Data for review —
--------------------

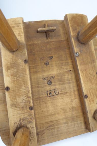With Wehrmacht eagle burn marking. Also burn marked “H.U.” which is “Heeres Unterkunft” very nice for display or for a sitting mannequin in your collection.
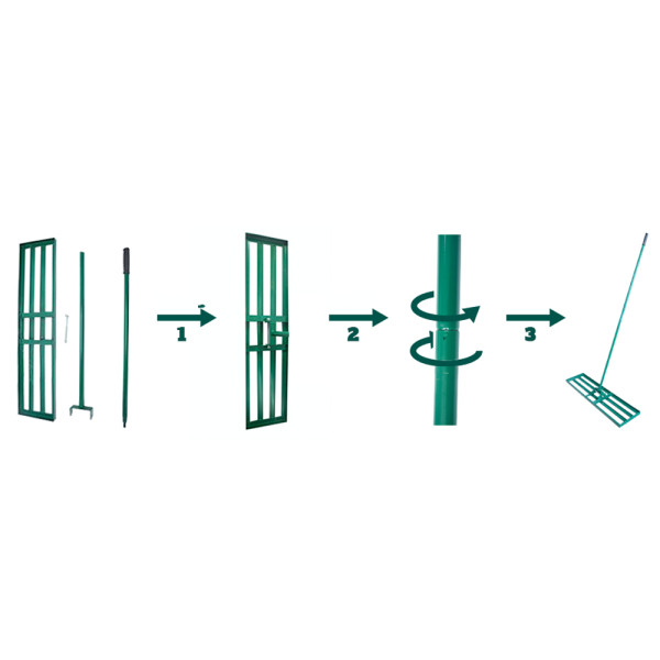 Nagy méretű gyepsimító gereblye, gyorsan és hatékonyan elegyengeti a talajt.  Alkalmas különféle terepekre, például pázsitokra, kertekre, a homok, talaj, komposzt és moha kiegyenlítésére.
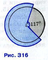 1111. Шлифовальный камень, имеющий форму диска, находится в защитном кожухе (рис. 316). Диаметр камня равен 58 см, дуга незащищённой его части равна 117°. Найдите длину дуги незащищённой части камня.
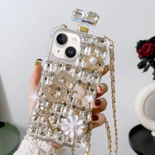 Estuche para Teléfono PC con Diamantes Hecho a Mano y Frasco de Perfume Tipo Bandolera para iPhone 14 (Blanco)
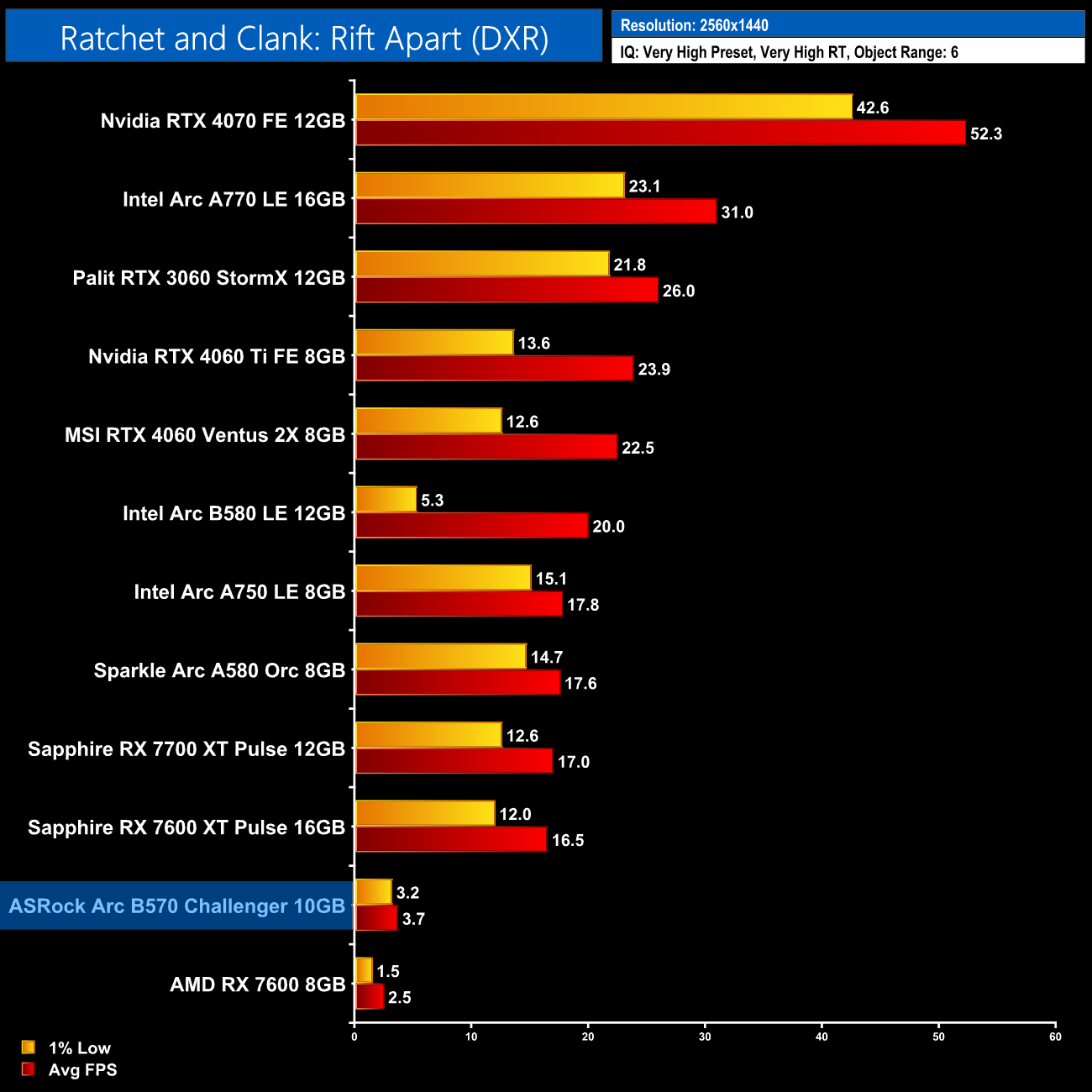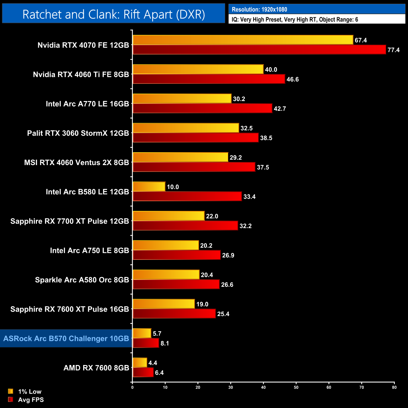 Overall ray tracing performance is not as impressive as we saw from the B580. Granted, the abysmal performance in Ratchet and Clank does pull the average down, but we're looking at the B570 coming in 21% slower on average than its bigger sibling. That still means it's on par with the RX 7600 XT – a GPU that's a good chunk more expensive – and it's not far off the RTX 3060 12GB.
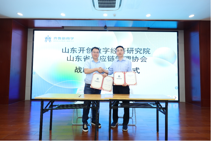 在战略签约环节,山东开创数字经济研究院与山东省供应链管理协会进行战略签约;“齐鲁新商学”平台分别与山东省中小企业服务联合会、济南市中小企业公共服务中心、北京银行济南分行进行了战略签约。
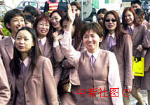 圖片:澳門婦女聯(lián)合會慶祝澳門回歸一周年 2000年12月18日 15:48 ![]() 澳門回歸一周年即將到來之際,澳門婦女聯(lián)合會的一群女青年在慶祝活動中開心一笑。中新社傳真宗金柱攝
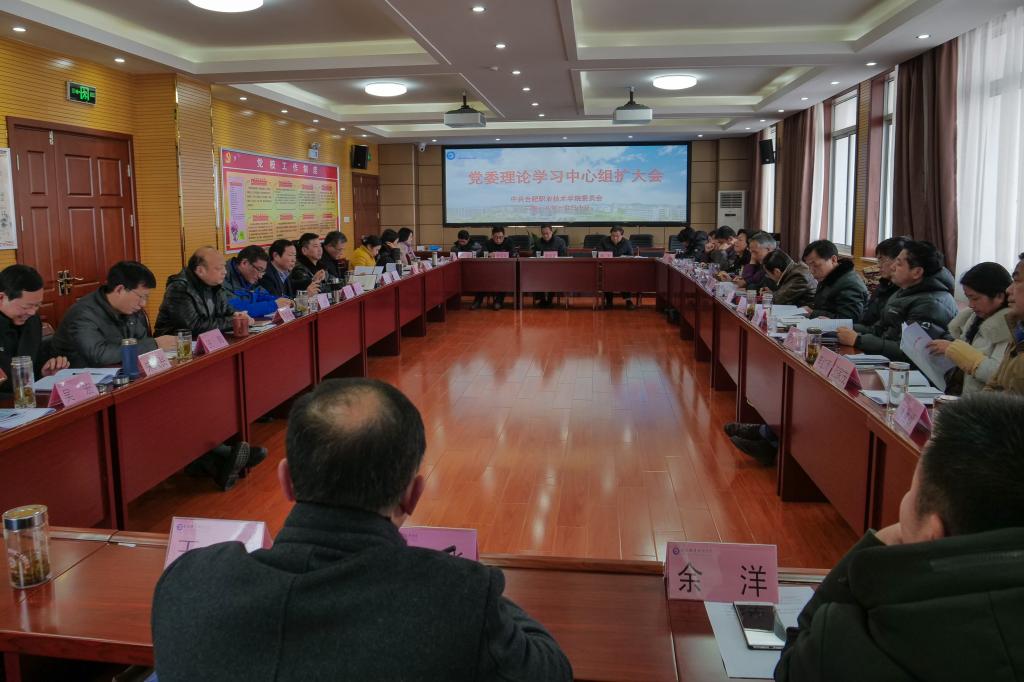 元月30日下午,伟德官网在行政楼五楼会议室召开党委理论学习中心组扩大会。中心组成员,直属分党委、各党总支书记,各处室、二级学院、直属部门主要负责人参加了会议,会议由校党委书记罗兆好主持。
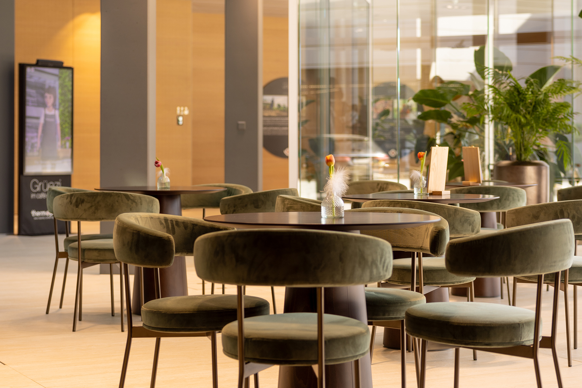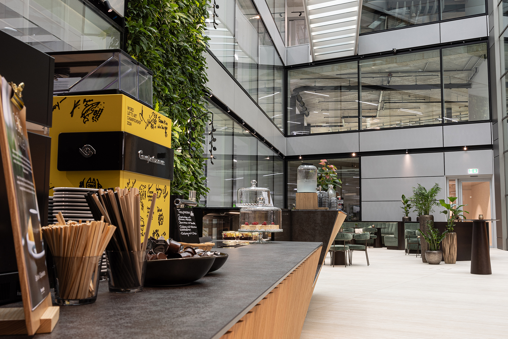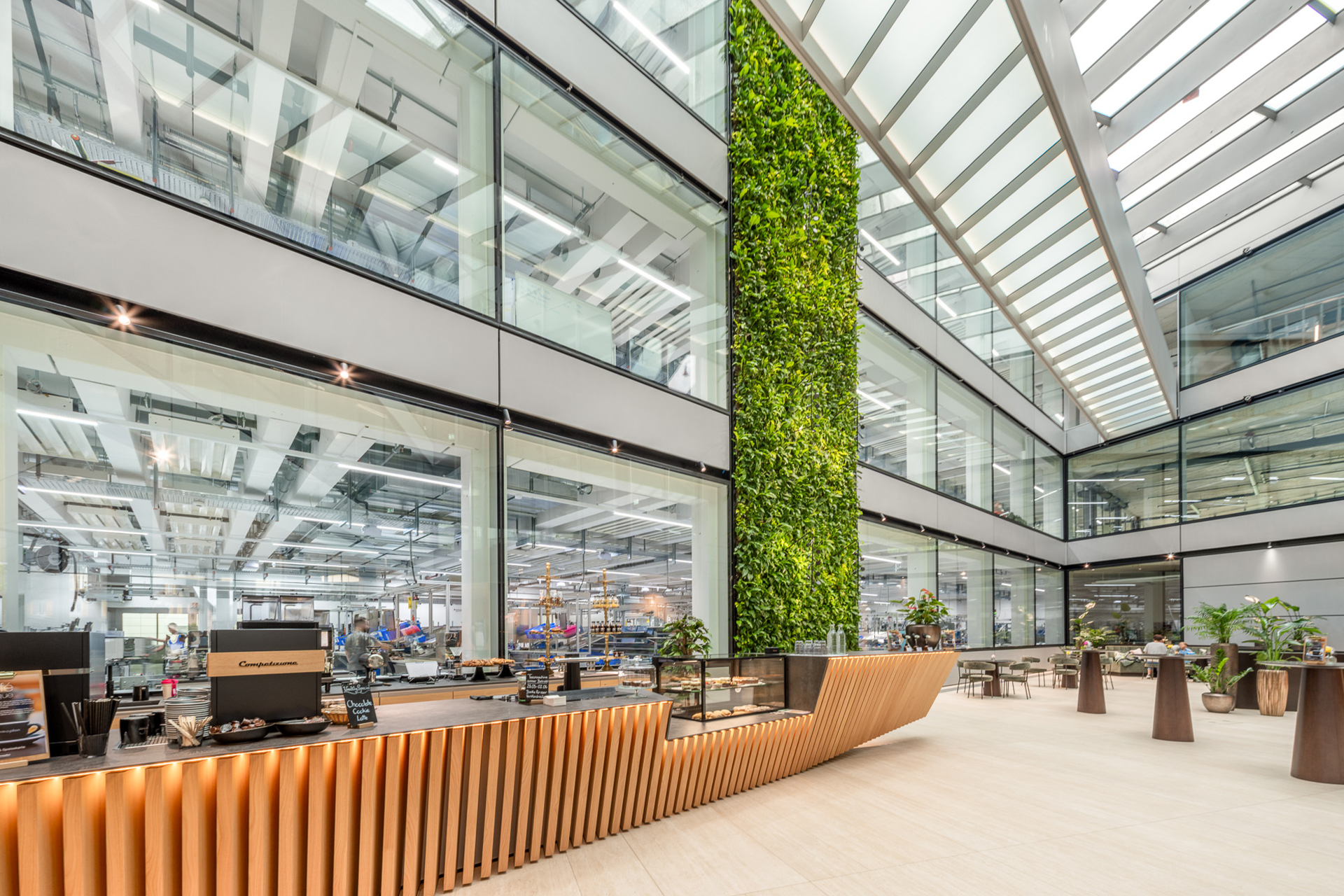 every detail has been carefully considered to elevate the everyday experience. The bar and counter are fully custom-built, featuring chestnut wood lamellae, bespoke varnishes aligned with the company’s corporate identity, and tailor-made display and refrigeration units.
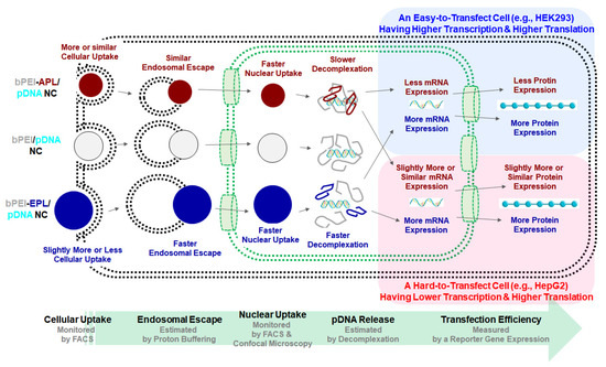 Although the same nonviral gene complexes have been used in cells, their different transfection efficiencies have been reported depending on the cell type [26,27,28]. This fact indicates that the gene release rates of gene complexes could differentially affect cells to express transgenes depending on the cell. HEK293 cells, a human embryonic kidney cell line, have often been used to transfect genes of interest in biological experiments and to produce recombinant proteins due to their high and stable gene expressing capability [29,30]. On the other hand, although HepG2 cells (a human hepatocellular carcinoma cell line) have been used as a well-known and suitable in vitro model of human hepatocytes to understand cellular functions and disease mechanisms [31,32], their gene of interest expression levels are poor. Thus, in this study, when transfecting easy to transfect cells (i.e., HEK293 cells) or hard to transfect cells (i.e., HepG2 cells), the effects of decomplexation on transfection efficiency were investigated. To avoid endosomal sequestration of the gene complex and to maximize the difference between gene-holding and gene-releasing capability, either APL as a slow gene-releasing (i.e., strong gene-holding) carrier or EPL as a fast gene-releasing (i.e., weak gene-holding) carrier was incorporated into branched polyethylenimine (bPEI; the gold standard polymeric transfection reagent)-based gene complexes. After the resultant ternary bPEI-APL/pDNA and bPEI-EPL/pDNA complexes were constructed, their physicochemical characteristics (e.g., size, zeta potentials, gene condensation) and biological characteristics (e.g., cellular uptake, nuclear uptake, transfection efficiency) in HEK293 or HepG2 cells were investigated.
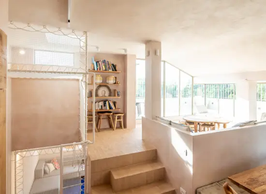 דירת נופש של לקוחות שעוזבים לחו״ל, עיצבתי את החלל סביב עדינות. רובו מחומר טדלק בכל הקומה הראשונה, ואלמנטים מיוחדים ויוצאי דופן ששילבתי בשביל הילדים, טיימלס זה
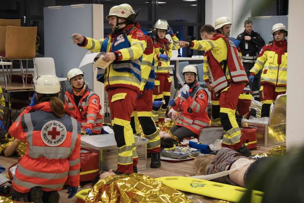Mehr als 120 ehren- und hauptamtliche Helfer:innen des DRK Dortmund aus dem Katastrophenschutz, der Sondereinsatzgruppe Rettungsdienst sowie Notfallsanitäter:innen der Ausbildungsjahre 2 und 3 übten gemeinsam mit dem Löschzug 25 der Freiwilligen Feuerwehr Dortmund die notfallmedizinische und betreuungsdienstliche Versorgung von 34 Patienten nach einer Amoklage an einer Schule. Der Alarm wurde am späten Nachmittag von der Leitstelle der Feuerwehr ausgelöst, und die Ehrenamtlichen fuhren aus dem gesamten Stadtgebiet zum Einsatzort an der Schleefstraße. Viele Verletzte, dargestellt von Notfalldarsteller:innen, hatten schwere Stichverletzungen oder waren psychisch belastet. Die Übung dauerte über drei Stunden und wurde von Oberbürgermeister Alexander Kalouti, Ordnungsdezernent Norbert Dahmen, dem diensthabenden Direktionsdienst Torsten Rose und DRK-Kreisgeschäftsführer Fred Weingardt begleitet. Kalouti dankte den Ehrenamtlichen für ihr Engagement als wichtigen Teil der Sicherheitsarchitektur, Weingardt lobte insbesondere die Leistungsfähigkeit der Helfer:innen: Bereits nach weniger als 60 Minuten waren über 80 Sanitäter:innen, Betreuer:innen, Logistiker:innen und Rettungsdienstmitarbeiter:innen vor Ort. Das DRK betont, dass Ehrenamt im Bevölkerungsschutz und im öffentlichen Rettungsdienst ein zentraler Bestandteil der nichtpolizeilichen Gefahrenabwehr ist und regelmäßiges Training unerlässlich, um Wissen zu festigen.

--------------------

Assignment —
From the line containing "Nagy méretű gyepsimító" through the line containing "1111. Шлифовальный камень, имеющий", copy every line above exactly, without pictures.

Response area —
 Nagy méretű gyepsimító gereblye, gyorsan és hatékonyan elegyengeti a talajt.  Alkalmas különféle terepekre, például pázsitokra, kertekre, a homok, talaj, komposzt és moha kiegyenlítésére.
 1111. Шлифовальный камень, имеющий форму диска, находится в защитном кожухе (рис. 316). Диаметр камня равен 58 см, дуга незащищённой его части равна 117°. Найдите длину дуги незащищённой части камня.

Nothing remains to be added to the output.